## [Your task]
Below are records with pictures; copy word for word only the lines between the line with "The toy is divided" and the line with "额外玩家也需要注意,野菜沙拉", inclusive, and drop the pictures.

## [Data extract]
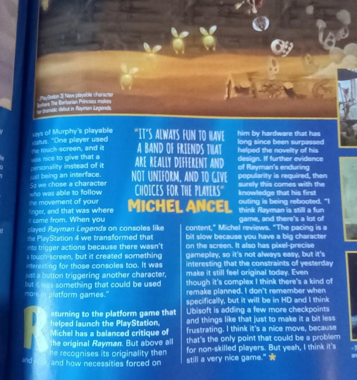 По его словам, Ubisoft готовит «своего рода ремейк» с обновлённой графикой и большим количеством контрольных точек/чекпоинтов. Последнее улучшение сделает игру менее сложной, чтобы не отпугнуть неопытных геймеров. Сам Ансель считает Rayman «всё ещё очень хорошей» и «увлекательной игрой с большим количество контента».
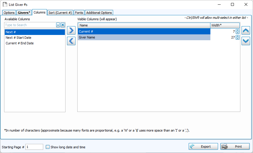 • Add or reduce columns on the Options tab. Determine columns and widths on the Columns tab.
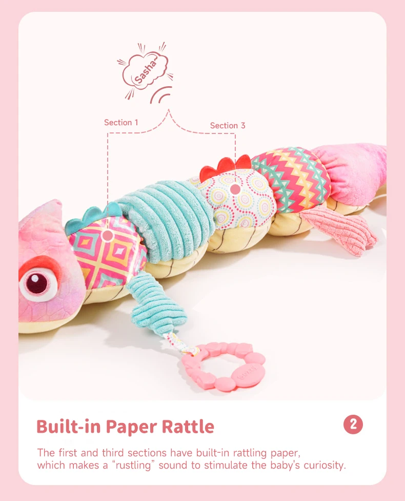 The toy is divided into several parts,the fabric of each part has different textures which can stimulate the baby's sensory development by touching. Bright colors and different patterns promote your baby's vision development.
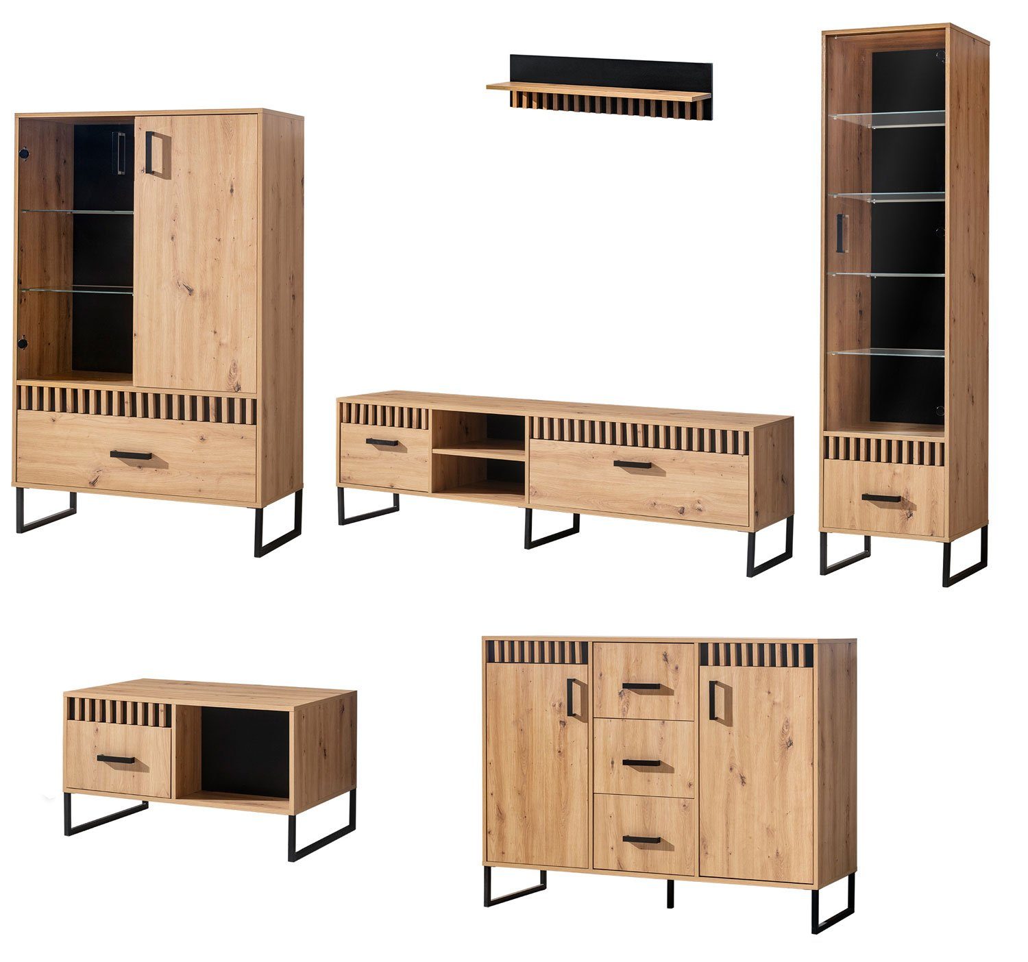 Lieferumfang | 1x Vitrine ohne Dekoration, 1x Highboard ohne Dekoration, 1x Lowboard ohne Dekoration, 1x Wandregal ohne Dekoration, 1x Couchtisch ohne Dekoration,1 Couchtisch ohne Dekoration |
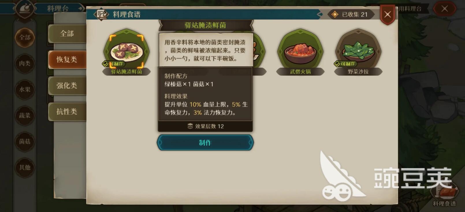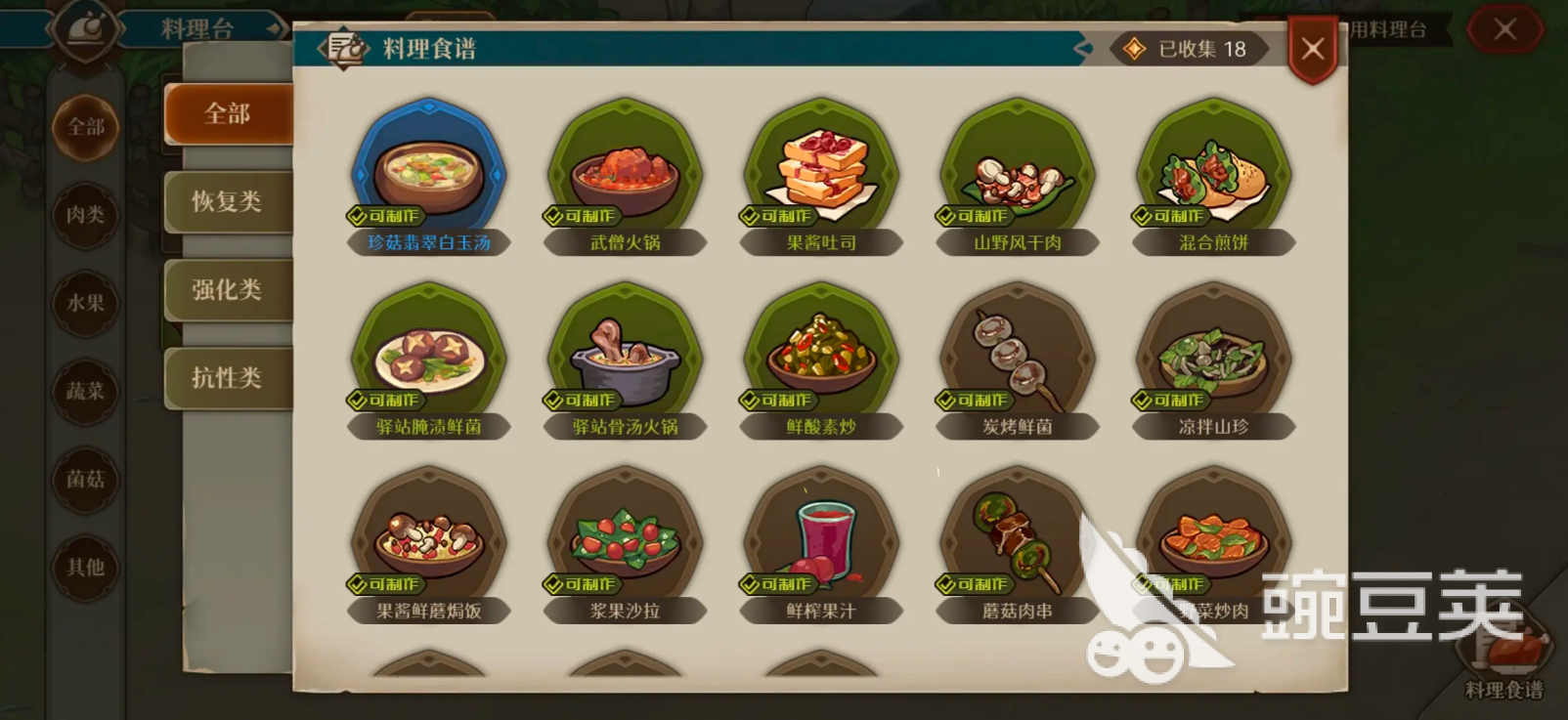 额外玩家也需要注意,野菜沙拉是由两种蔬菜所组成的,鲜榨果汁是由两种水果食材组成的,碳烤鲜菌是由两种菇类的食材所组成的,果香烤肉是由水果跟肉类食材所组成的。不得不说,玩家其实也比较清楚,像这些食材搭配合理之后,所产生的效果往往是不一样的,玩家需要深入的去了解。
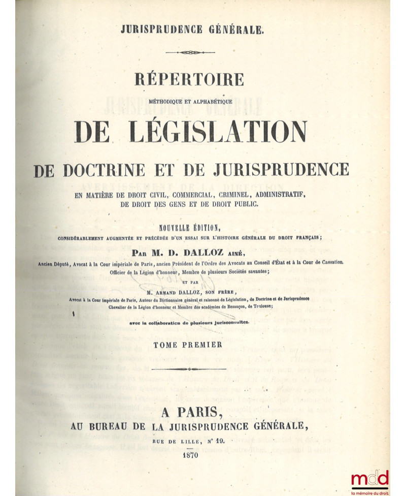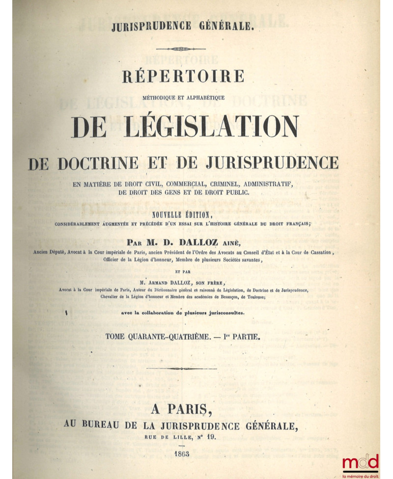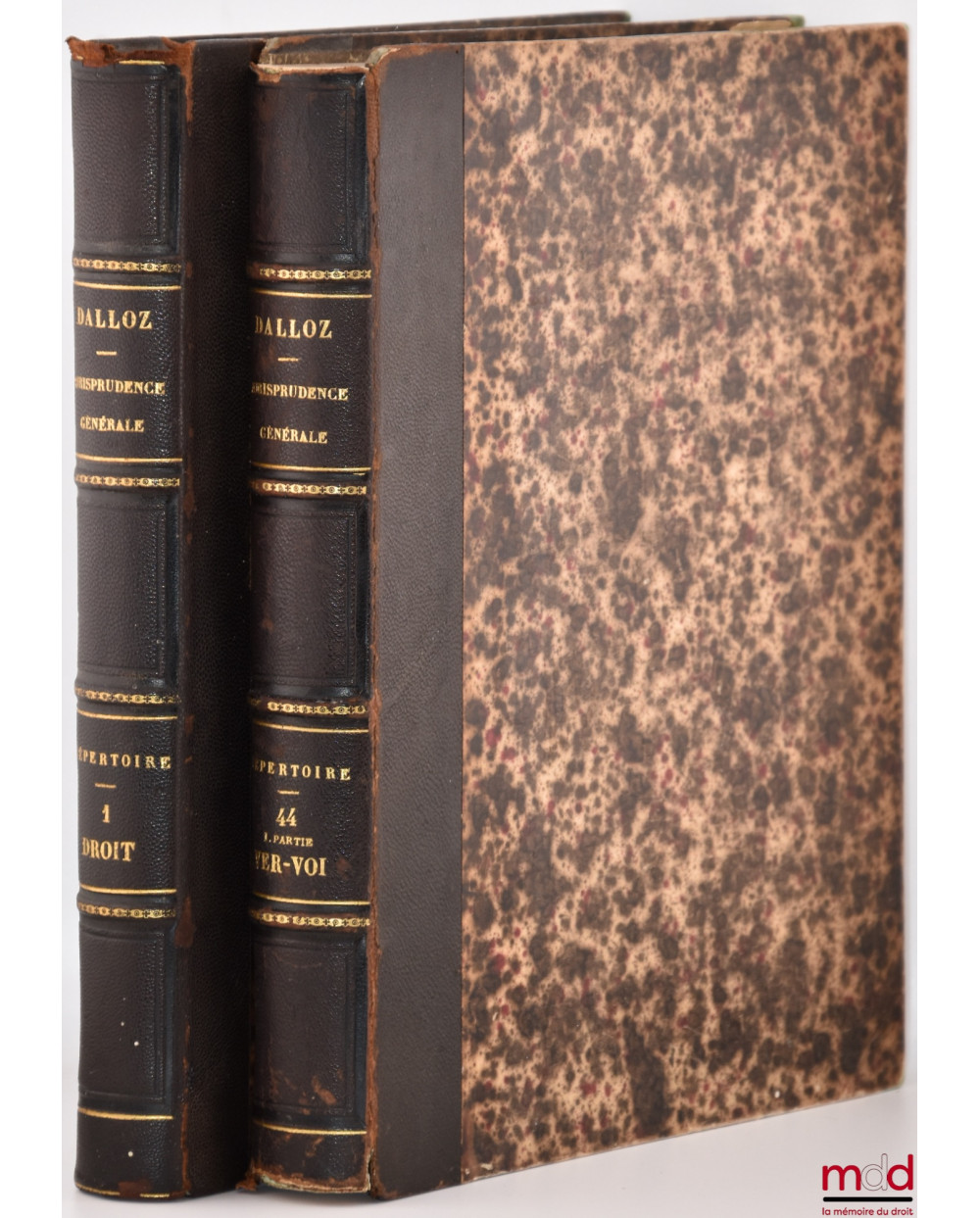 JURISPRUDENCE GÉNÉRALE, RÉPERTOIRE MÉTHODIQUE ET ALPHABÉTIQUE DE LÉGISLATION, DE DOCTRINE ET DE JURISPRUDENCE, en matière de droit civil, commercial, criminel, administratif, de droit des gens et de droit public, nouvelle éd. considérablement augmentée et précédée d’un essai sur l’histoire générale du droit français., t. 1 et 44 Ire partie uniquement
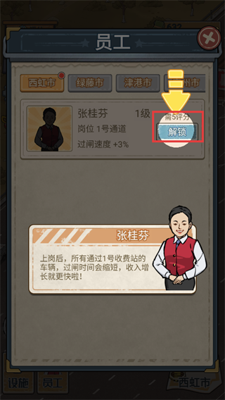 2、在员工界面点击【张桂芬】的【解锁】按钮,需5评分,解锁后提升1号通道过闸速度,增收更快。
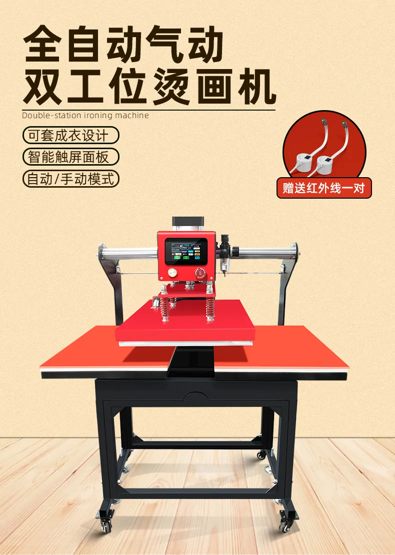 全自(zì)動氣動雙工(gōng)位燙畫(huà)機(jī)(可'(kě)套成衣)JC-7C-1

## [Response to the exercise]
 The toy is divided into several parts,the fabric of each part has different textures which can stimulate the baby's sensory development by touching. Bright colors and different patterns promote your baby's vision development.
 Lieferumfang | 1x Vitrine ohne Dekoration, 1x Highboard ohne Dekoration, 1x Lowboard ohne Dekoration, 1x Wandregal ohne Dekoration, 1x Couchtisch ohne Dekoration,1 Couchtisch ohne Dekoration |
 额外玩家也需要注意,野菜沙拉是由两种蔬菜所组成的,鲜榨果汁是由两种水果食材组成的,碳烤鲜菌是由两种菇类的食材所组成的,果香烤肉是由水果跟肉类食材所组成的。不得不说,玩家其实也比较清楚,像这些食材搭配合理之后,所产生的效果往往是不一样的,玩家需要深入的去了解。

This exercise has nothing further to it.